PARALLEL CIRCUITS
In this water circuit, rafts have the "alternative" of going down one of three chutes, each having the same height but each of different width. More rafts will pass down the fall of least resistance to the rafts' progress, but others will take the different paths.
KEY observations
* the heights of the rapids are the same
* the number of rafts entering and leaving the rapids per time remains the same
* the total number of rafts passing per time in all three drops is the same as the number leaving or entering.
The ramifications for electrical circuits are
* the supply potential difference, voltage, across each of the parallel resistances is common
* the total current entering and leaving parallel resistances is the same
* the sum of the currents in the parallel resistances adds to equal the current entering or leaving.
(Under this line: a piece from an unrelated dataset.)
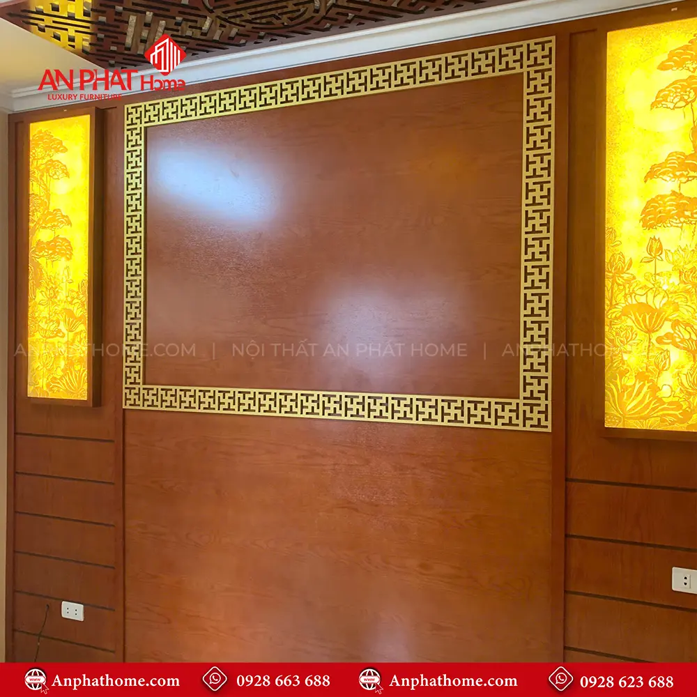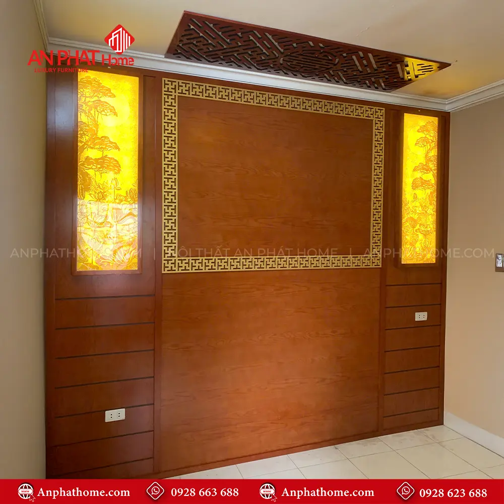 Mẫu Vách Ốp Phòng Thờ Kết Hợp Tranh Trúc Chỉ VN-4360

The above diagram is the electrical circuit equivalent of our rapids.
If we use the voltmeter across any of R1,R2 or R3, the value it shows will be the same.
also Itotal = I1 + I2 + I3
We can use these facts to find what single equivalent
resistance, Rtotal, will give the same current for the same
supply voltage. This is useful for further calculations in more complex
circuits.
Notice that this circuit has a great advantage
over the series circuit in that switches can be placed alongside each of
the resistances so they can be turned on and off separately. Household
circuits are of this design.
If the supply voltage remains fixed (which it does approximately for batteries and does closely for the 240V mains), then each additional appliance added in parallel will "demand" its own current additional to that already supplied to the other components.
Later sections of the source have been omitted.